Consistent with how we presented our previous quarterly results, in our press release and then my remarks for our third quarter and year-to-date performance, we refer to both our churn reporting and pro forma results normalized for the restructuring expenses that began in the fourth quarter of 2018, the loss of a large cemetery contract at the end of the third quarter of last year, the increase in interest cost from our balance sheet recapitalization completed last May, and the effects of two smaller divestitures that occurred during the most recent quarter. I will primarily refer to the pro forma results as we believe it provides investors with the most accurate picture of the significant operational and financial improvements that have taken place in the first nine months of the year and is the most accurate reflection of the true earnings power of Carriage.

In the third quarter, total revenue increased 5.5% to $66 million. Total Field EBITDA increased 12.8% to $25.7 million. Total Field EBITDA margin improved 260 basis points to 39%, adjusted consolidated EBITDA increased 13.3% to $17.3 million, adjusted consolidated EBITDA margin improved 180 basis points to 26.2%, and our adjusted diluted earnings per share improved 92.3% to $0.25. The primary difference between the normalized $0.25 and our reported adjusted diluting earnings per share of $0.28 for the quarter is related to the tax effects caused by a $4.1 million GAAP loss related to the divestiture of two businesses in the quarter.

There are couple of items I want to highlight regarding our Total Field EBITDA performance from the third quarter. In reviewing our results from 2018 to 2019 -- 2017 to 2018 time period and in previous calls, we have acknowledged that we lost approximately 300 basis points in our Total Field EBITDA margin performance. And our goal throughout our year of renewal in 2019 would be to recapture the majority of that margin performance as we head into 2020. The 260 basis point increase in the Total Field EBITDA margin we achieved in the third quarter versus last year demonstrates that we've made good progress on that goal.

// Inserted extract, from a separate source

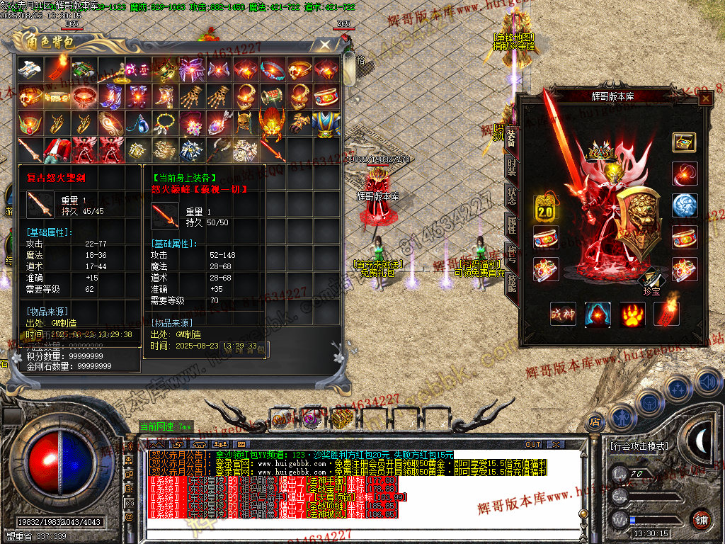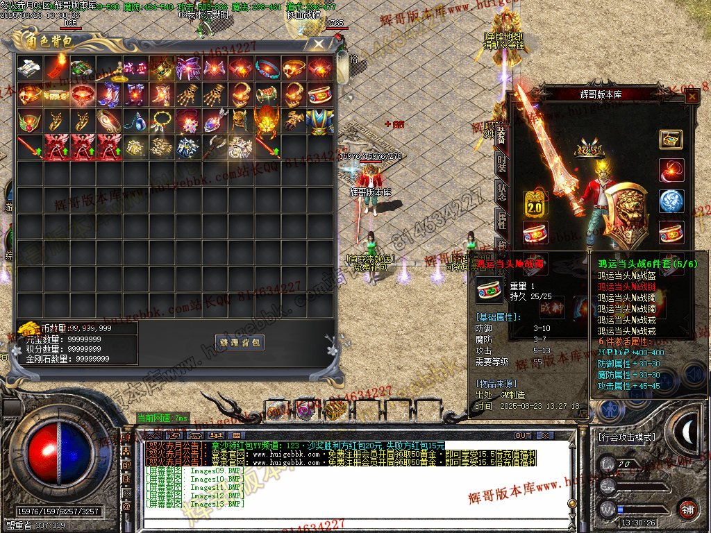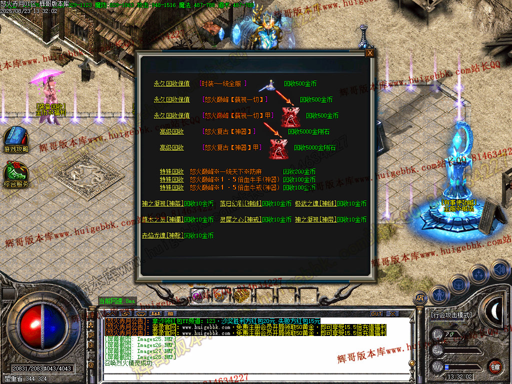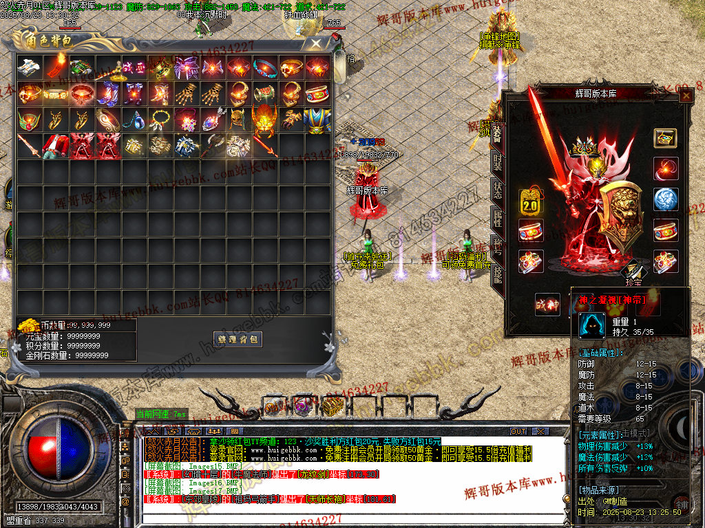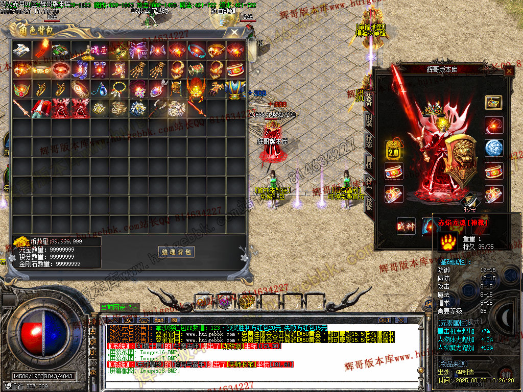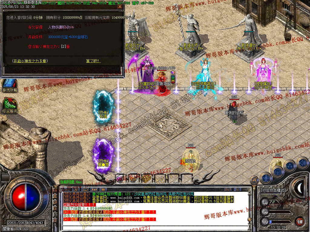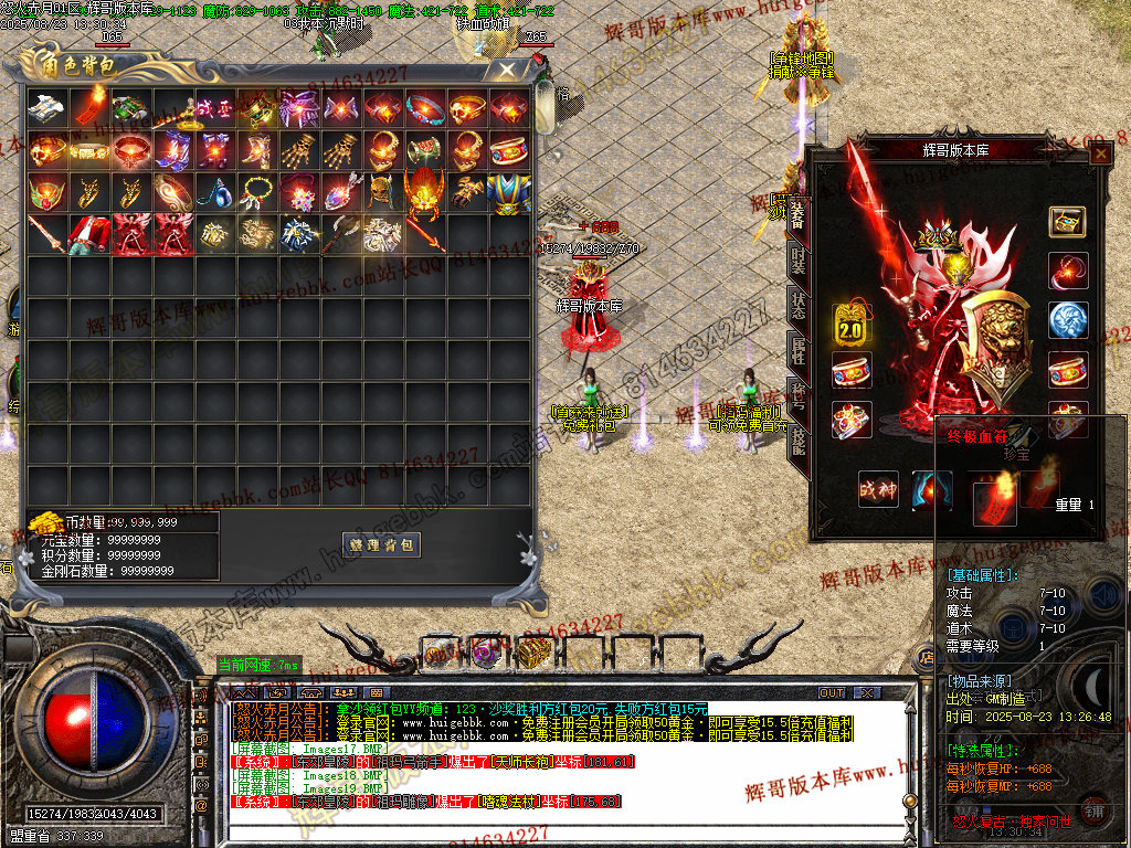 充值一元=10金币您当前金币为:[9999969]建议玩家职业首选战士或者法师

Given this improvement in margin performance, we were able to leverage a 5.5% increase in total revenue into faster growth rate of 12.3% in Total Field EBITDA. What was even more encouraging was that our Total Field EBITDA margin performance improved each month throughout the quarter and what is typically our weakest quarter from a seasonality perspective. Again, this shows the diligent work our operating teams have undertaken to drive continuous improvement throughout our portfolio and to make the tough decisions necessary to ensure we have a strong finish to 2019 and increasing momentum in all of our businesses as we head into 2020.

For the first nine months of 2019, our total revenue was increased 3.2% to $202.5 million, Total Field EBITDA increased 5.9% to $81.5 million, Total Field EBITDA margin has improved 110 basis points to 40.3%, adjusted consolidated EBITDA increased 10.4% to $57.3 million, adjusted consolidated EBITDA margin improved 190 basis points to 28.3%, and our adjusted diluted earnings per share has increased 31.9% to $0.95.

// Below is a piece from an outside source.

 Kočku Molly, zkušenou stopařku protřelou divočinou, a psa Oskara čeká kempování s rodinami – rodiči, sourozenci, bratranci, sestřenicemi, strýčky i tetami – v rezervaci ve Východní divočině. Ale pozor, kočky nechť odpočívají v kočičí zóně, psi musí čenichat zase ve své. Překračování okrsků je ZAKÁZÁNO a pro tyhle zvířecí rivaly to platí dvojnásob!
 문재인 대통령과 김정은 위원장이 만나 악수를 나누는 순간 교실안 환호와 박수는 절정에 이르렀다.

Pro forma net leverage including cash on hand at the end of the quarter fell to 4.8 times from 5 times of the end of the second quarter and 5.2 times at the end of the first quarter. We continue to believe that we will be close to the 4 times [Phonetic] leverage within the next 12 months. On our Investor Relations website, we published a five-year trend report that includes the column, representing our performance over the trailing 12 months.

In another sign of continued progress we've made so far in 2019, our reported trailing 12 month adjusted consolidated EBITDA of $74.2 million is an all-time record for Carriage, not bad for a year of renewal and an important milestone when you put into context where we were, we had this call at this time last year.

Our third quarter results in our Funeral Home segment continued to demonstrate that the evolutionary changes we made to our Standards Operating Model at the end of last year have taken hold as our managing partners and their team is focused on driving compound annual revenue growth versus a rigid standard of average revenue per contract growth and to continue to focus on our service and guest experience with each opportunity we have to serve our client families.

Our expectations with the changes made to the Standards Operating Model were that they -- were that we would serve more families at a slightly lower contract average, particularly as it relates to client families choosing cremation that would lead to higher growth rates in year-over-year revenue versus prior years, and even faster growth rates in funeral field EBITDA as a powerful dynamic of operating leverage inherent in our Funeral Home businesses kicks in. All of these expectations proved true in the third quarter performance of our Funeral Homes.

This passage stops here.